Философия мыслится как исследование фундаментальных проблем и, соответственно, базовых понятий. Обыденные понятия, как мы знаем, отражают некие устойчивые связи, существующие в вещах. Базовые понятия должны иметь универсальный характер и поэтому вполне могут возникать не из контакта с конкретными вещами, т. е. не из опыта. Они могут отражать связи, априори проецируемые нами на вещи. Такие проекции, как мы видели, осуществляются когнитивными механизмами, ответственными за продуцирование универсальных онтологических установок. Поэтому логично было бы увязать философский концептуальный анализ с попытками прояснить структуру и соотношение наших базовых естественных убеждений.

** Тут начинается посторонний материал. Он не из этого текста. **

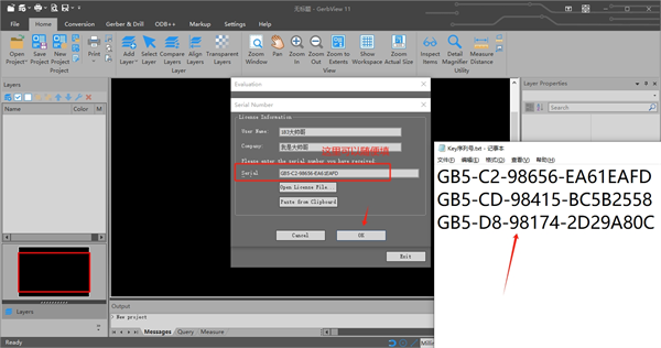7、打开key序列号txt文本,随便复制一个注册码复制到下图框选的地方,上面随意填写名称,点击ok;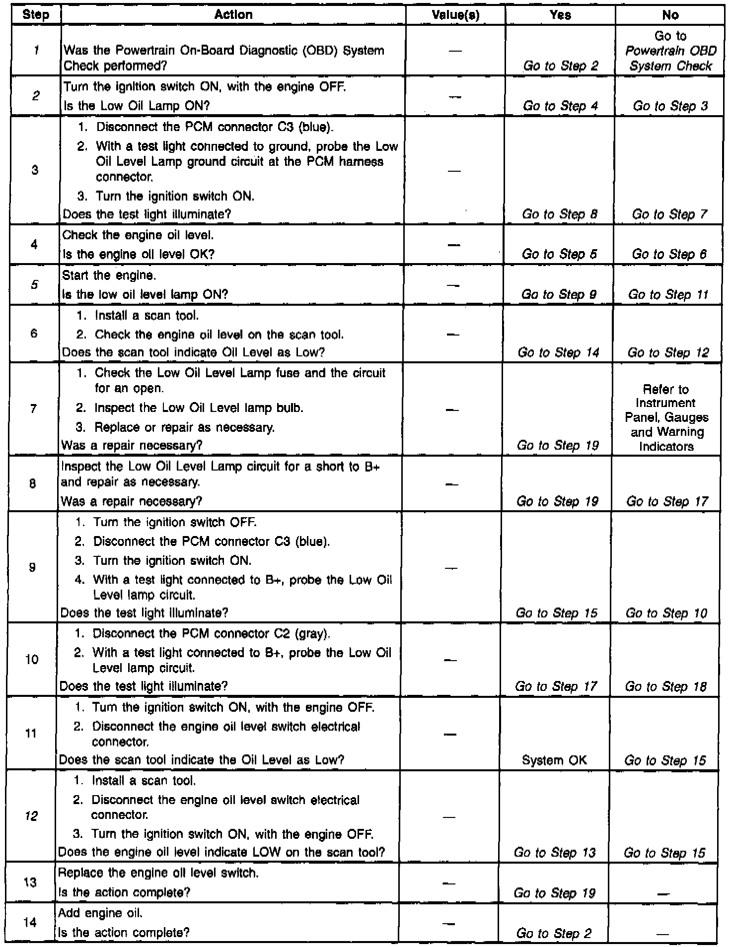 2. With the ignition switch turned ON and with the engine OFF, the PCM should ground CKT 1173 and illuminate the Low Oil Level Lamp.

Так и можно перевести концептуальный анализ на более глубокий уровень. Можно было бы возразить, что на этом уровне концептуальный анализ не очень похож на выяснение необходимых и достаточных условий применения понятий. Однако, во-первых, он может включать такого рода процедуры — в частности, одним из результатов нашего анализа будет объяснение базового понятия причины. Во-вторых, сущностной характеристикой концептуального анализа, напомним, является априорное прояснение концептуальных конструкций в самом широком смысле, а это здесь явно присутствует.

Разумеется, наши базовые убеждения, которые можно интерпретировать в качестве концептуальных схем, порождающих целый ряд понятий, таких как причина, можно исследовать не только путем априорного концептуального анализа. Можно, к примеру, попробовать изучать их экспериментальными методами. Так, можно провести опрос на тему, связана ли вера в существование внешнего мира с верой в причинность, экзистенциальная и каузальная вера. Можно попробовать придумать эксперименты, подтверждающие, скажем, врожденный характер каузальной веры. Подобные эксперименты проводились Э. Спел к и другими психологами[32]. Они конструировали разные схемы взаимодействия вещей, а затем смотрели на реакцию детей в случае кажущегося нарушения каузальных связей. Индикатором представлений детей о каузальности служило их удивление в тех или иных ситуациях.

В итоге Спелк и ее коллегами было показано, что даже маленькие дети обладают комплексом представлений о причинности, часть которых, вероятно, имеет врожденный характер. Но хотя такие эксперименты и возможны, врожденность веры в причинность можно показать и априори (увязав эту веру с врожденным принципом соответствия прошлого и будущего). Ведь и математические соотношения можно изучать экспериментальным путем, можно измерять длины сторон геометрических объектов и прийти к вполне правдоподобным выводам об их соотношении. Но вместо этого трудоемкого и, по сути, малополезного исследования можно доказать ту или иную теорему.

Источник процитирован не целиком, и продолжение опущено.